**Information supplied**
------------------------
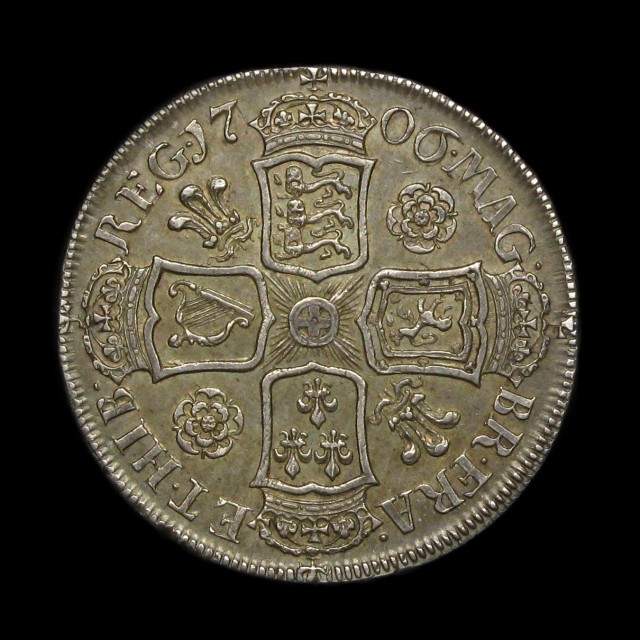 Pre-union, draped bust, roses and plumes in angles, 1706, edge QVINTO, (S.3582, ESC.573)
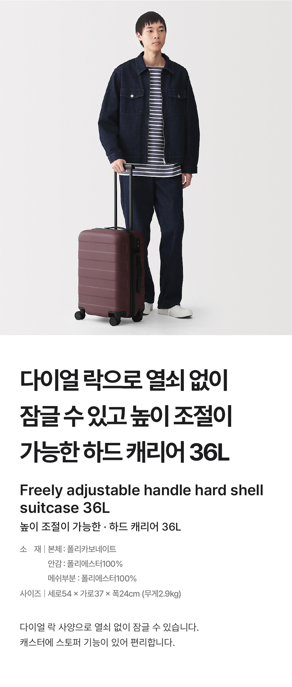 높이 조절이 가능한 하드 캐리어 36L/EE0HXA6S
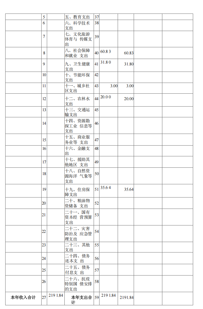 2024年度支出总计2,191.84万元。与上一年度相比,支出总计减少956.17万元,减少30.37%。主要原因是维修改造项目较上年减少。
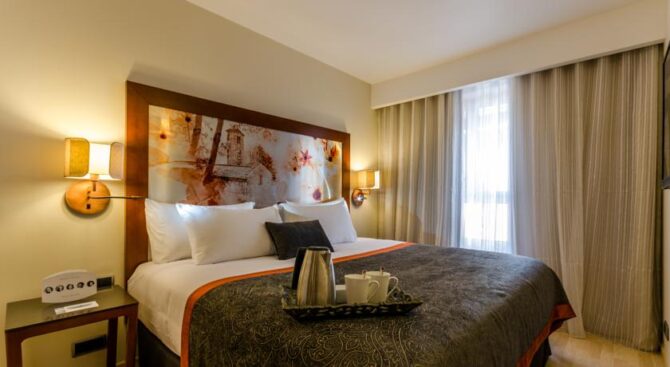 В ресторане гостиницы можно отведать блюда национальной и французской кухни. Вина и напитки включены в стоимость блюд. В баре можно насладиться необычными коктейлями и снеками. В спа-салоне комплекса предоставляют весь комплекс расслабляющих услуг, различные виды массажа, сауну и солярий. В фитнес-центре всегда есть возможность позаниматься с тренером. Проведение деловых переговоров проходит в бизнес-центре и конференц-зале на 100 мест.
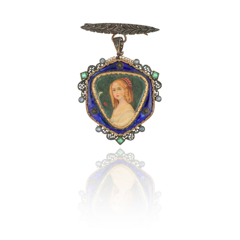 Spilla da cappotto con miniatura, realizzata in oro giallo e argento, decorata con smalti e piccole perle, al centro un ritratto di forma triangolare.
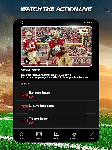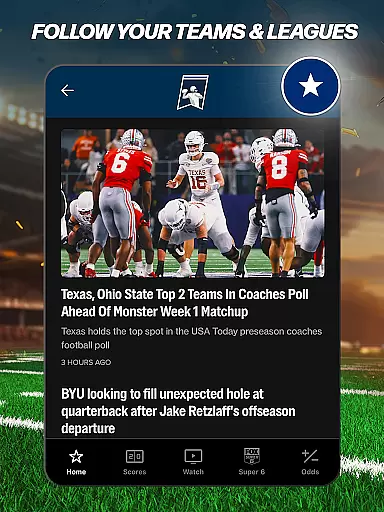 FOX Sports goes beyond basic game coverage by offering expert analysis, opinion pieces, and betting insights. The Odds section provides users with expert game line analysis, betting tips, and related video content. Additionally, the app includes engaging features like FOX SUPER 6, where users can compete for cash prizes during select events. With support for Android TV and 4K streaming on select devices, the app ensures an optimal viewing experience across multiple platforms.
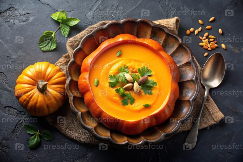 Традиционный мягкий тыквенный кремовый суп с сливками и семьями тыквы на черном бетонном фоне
------------------------
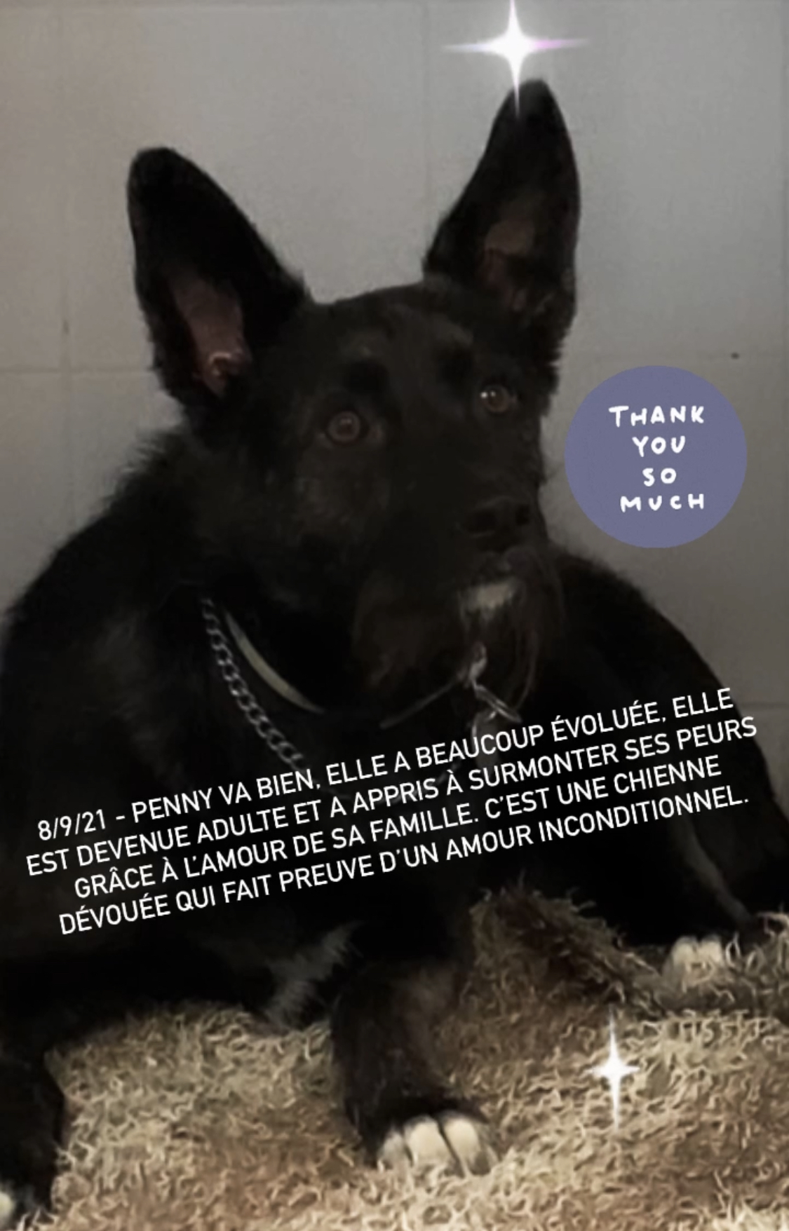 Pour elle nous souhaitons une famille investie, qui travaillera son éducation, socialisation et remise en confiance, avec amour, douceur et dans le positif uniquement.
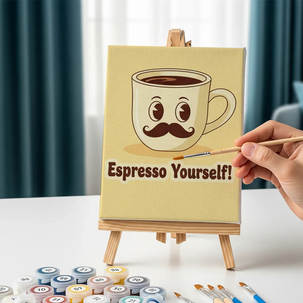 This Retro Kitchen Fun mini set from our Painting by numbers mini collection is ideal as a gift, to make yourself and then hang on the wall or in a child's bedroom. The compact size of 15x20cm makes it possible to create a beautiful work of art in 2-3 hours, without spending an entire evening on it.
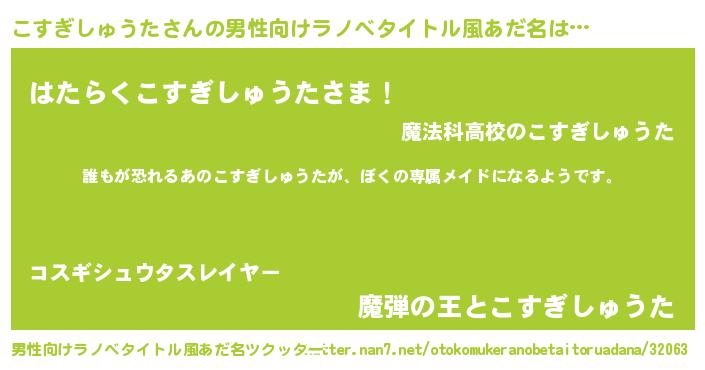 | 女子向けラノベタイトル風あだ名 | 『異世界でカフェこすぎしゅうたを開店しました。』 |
------------------------
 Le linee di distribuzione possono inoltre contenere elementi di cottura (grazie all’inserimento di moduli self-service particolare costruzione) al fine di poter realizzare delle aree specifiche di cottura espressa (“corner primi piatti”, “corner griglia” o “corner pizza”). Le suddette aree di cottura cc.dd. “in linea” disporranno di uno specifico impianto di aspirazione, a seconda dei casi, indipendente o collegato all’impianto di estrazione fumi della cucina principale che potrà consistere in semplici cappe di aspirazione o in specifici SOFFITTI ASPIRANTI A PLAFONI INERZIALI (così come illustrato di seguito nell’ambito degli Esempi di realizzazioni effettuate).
------------------------
**Task instructions**
No picture is to be printed. Output exactly the lines above from the line containing "Pre-union, draped bust, roses" through the line containing "Традиционный мягкий тыквенный".

**Response to this exercise**
 Pre-union, draped bust, roses and plumes in angles, 1706, edge QVINTO, (S.3582, ESC.573)
 높이 조절이 가능한 하드 캐리어 36L/EE0HXA6S
 2024年度支出总计2,191.84万元。与上一年度相比,支出总计减少956.17万元,减少30.37%。主要原因是维修改造项目较上年减少。
 В ресторане гостиницы можно отведать блюда национальной и французской кухни. Вина и напитки включены в стоимость блюд. В баре можно насладиться необычными коктейлями и снеками. В спа-салоне комплекса предоставляют весь комплекс расслабляющих услуг, различные виды массажа, сауну и солярий. В фитнес-центре всегда есть возможность позаниматься с тренером. Проведение деловых переговоров проходит в бизнес-центре и конференц-зале на 100 мест.
 Spilla da cappotto con miniatura, realizzata in oro giallo e argento, decorata con smalti e piccole perle, al centro un ritratto di forma triangolare.
 FOX Sports goes beyond basic game coverage by offering expert analysis, opinion pieces, and betting insights. The Odds section provides users with expert game line analysis, betting tips, and related video content. Additionally, the app includes engaging features like FOX SUPER 6, where users can compete for cash prizes during select events. With support for Android TV and 4K streaming on select devices, the app ensures an optimal viewing experience across multiple platforms.
 Традиционный мягкий тыквенный кремовый суп с сливками и семьями тыквы на черном бетонном фоне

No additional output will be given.